I want to replace all occurances of this pattern with

    real0_data = _get_data(real0, "real0")

where real0 can be any variable name [a-z0-9]+


So don't get confused by the source code. The code doesn't matter, this is text processing and regex.

This is what I have so far:

    PATH = "func.pyx"
    source_string = open(PATH,"r").read()

    pattern = r"""
    assert PyArray_TYPE\(([a-z0-9]+)\) == np.NPY_DOUBLE, "([a-z0-9]+) is not double"
    assert ([a-z0-9]+).ndim == 1, "([a-z0-9]+) has wrong dimensions"
    if not (PyArray_FLAGS(([a-z0-9]+)) & np.NPY_C_CONTIGUOUS):
       ([a-z0-9]+) = PyArray_GETCONTIGUOUS(([a-z0-9]+))
    ([a-z0-9]+)_data = ([a-z0-9]+).data"""

    

siamii
  • 23,374
  • 28
  • 93
  • 143
  • are you using `vim` as your editor? – Fredrik Pihl Apr 18 '13 at 17:40
  • This question is a duplicate with the question: [How to input a regex in string.replace in python?](http://stackoverflow.com/questions/5658369/how-to-input-a-regex-in-string-replace-in-python) – perror Apr 18 '13 at 17:41
  • _"where real0 can be any variable name [a-z0-9]+"_ You mean where the variable name is _not_ `real0`? If that's the case, and you have to actually decide what variable to place there, you're asking the impossible... – Ben Apr 18 '13 at 17:42
  • 1
    @perror No, it isn't.

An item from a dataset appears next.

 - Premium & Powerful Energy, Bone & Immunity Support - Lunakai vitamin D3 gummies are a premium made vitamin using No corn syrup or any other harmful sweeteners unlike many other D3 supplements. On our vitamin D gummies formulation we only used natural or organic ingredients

This is a much more complex problem as you have a wildcard in the middle that you have to detect *and remember*. – Ant P Apr 18 '13 at 17:43
  • @Ben - not at all, extract the variable name from the line containing `` and use that in the substitution – Fredrik Pihl Apr 18 '13 at 17:43
  • @Ant You are right, thanks to your comment I realized it was different. But, then is it related to: [What refactoring tools do you use for Python?](http://stackoverflow.com/questions/28796/what-refactoring-tools-do-you-use-for-python) – perror Apr 18 '13 at 17:51
  • 1
    @siamii - Can you make it a little less ambiguous what pattern you want to match and what you want to replace it with? It's not at all clear at the minute. You want to replace the whole block of code with the one-line function call? – Ant P Apr 18 '13 at 17:59

1 Answers1

1

You can do this in any text editor that supports multiline regular expression search and replace.

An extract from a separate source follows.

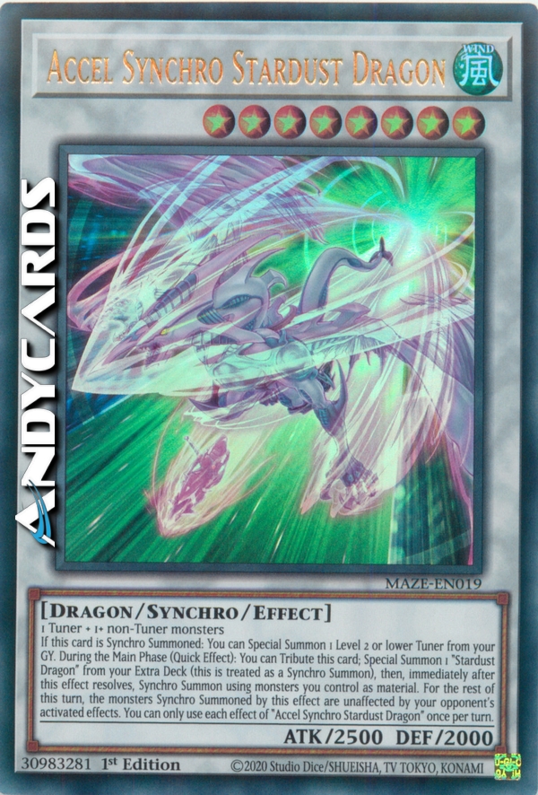 If this card is Synchro Summoned: You can Special Summon 1 Level 2 or lower Tuner from your GY. During the Main Phase (Quick Effect): You can Tribute this card; Special Summon 1 "Stardust Dragon" from your Extra Deck (this is treated as a Synchro Summon), then, immediately after this effect resolves, Synchro Summon using monsters you control as material. For the rest of this turn, the monsters Synchro Summoned by this effect are unaffected by your opponent's activated effects. You can only use each effect of "Accel Synchro Stardust Dragon" once per turn.

I used Komodo IDE to test this, because it includes an excellent regular expression tester ("Rx Toolkit") for experimenting with regular expressions. I think there are also some online tools like this. The same regular expression works in the free Komodo Edit. It should also work in most other editors that support Perl-compatible regular expressions.

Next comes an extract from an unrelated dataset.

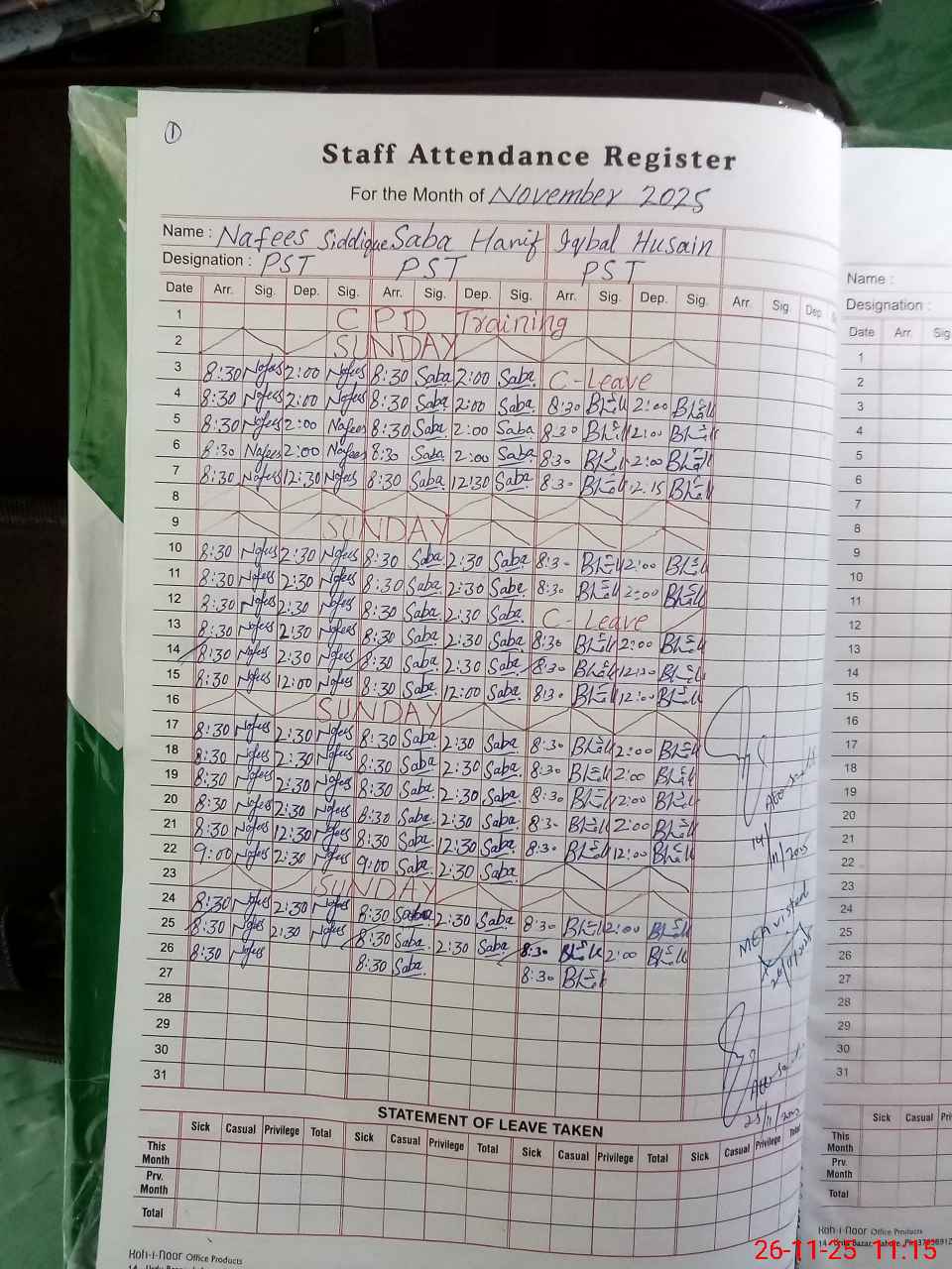 | Leave | Duty | Absent | Maternity | Medical | Ex- Pak |

In Komodo, I used the Replace dialog with the Regex option checked, to find:

assert PyArray_TYPE\((\w+)\) == np\.NPY_DOUBLE, "\1 is not double"\s*\n\s*assert \1\.ndim == 1, "\1 has wrong dimensions"\s*\n\s*if not \(PyArray_FLAGS\(\1\) & np\.NPY_C_CONTIGUOUS\):\s*\n\s*\1 = PyArray_GETCONTIGUOUS\(\1\)\s*\n\s*\1_data = <double\*>\1\.data

and replace it with:

\1_data = _get_data(\1, "\1")

Given this test code:

    assert PyArray_TYPE(real0) == np.NPY_DOUBLE, "real0 is not double"
    assert real0.ndim == 1, "real0 has wrong dimensions"
    if not (PyArray_FLAGS(real0) & np.NPY_C_CONTIGUOUS):
        real0 = PyArray_GETCONTIGUOUS(real0)
    real0_data = <double*>real0.data

    assert PyArray_TYPE(real1) == np.NPY_DOUBLE, "real1 is not double"
    assert real1.ndim == 1, "real1 has wrong dimensions"
    if not (PyArray_FLAGS(real1) & np.NPY_C_CONTIGUOUS):
        real1 = PyArray_GETCONTIGUOUS(real1)
    real1_data = <double*>real1.data

    assert PyArray_TYPE(real2) == np.NPY_DOUBLE, "real2 is not double"
    assert real2.ndim == 1, "real2 has wrong dimensions"
    if not (PyArray_FLAGS(real2) & np.NPY_C_CONTIGUOUS):
        real2 = PyArray_GETCONTIGUOUS(real2)
    real2_data = <double*>real2.data

The result is:

    real0_data = _get_data(real0, "real0")

    real1_data = _get_data(real1, "real1")

    real2_data = _get_data(real2, "real2")

So how did I get that regular expression from your original code?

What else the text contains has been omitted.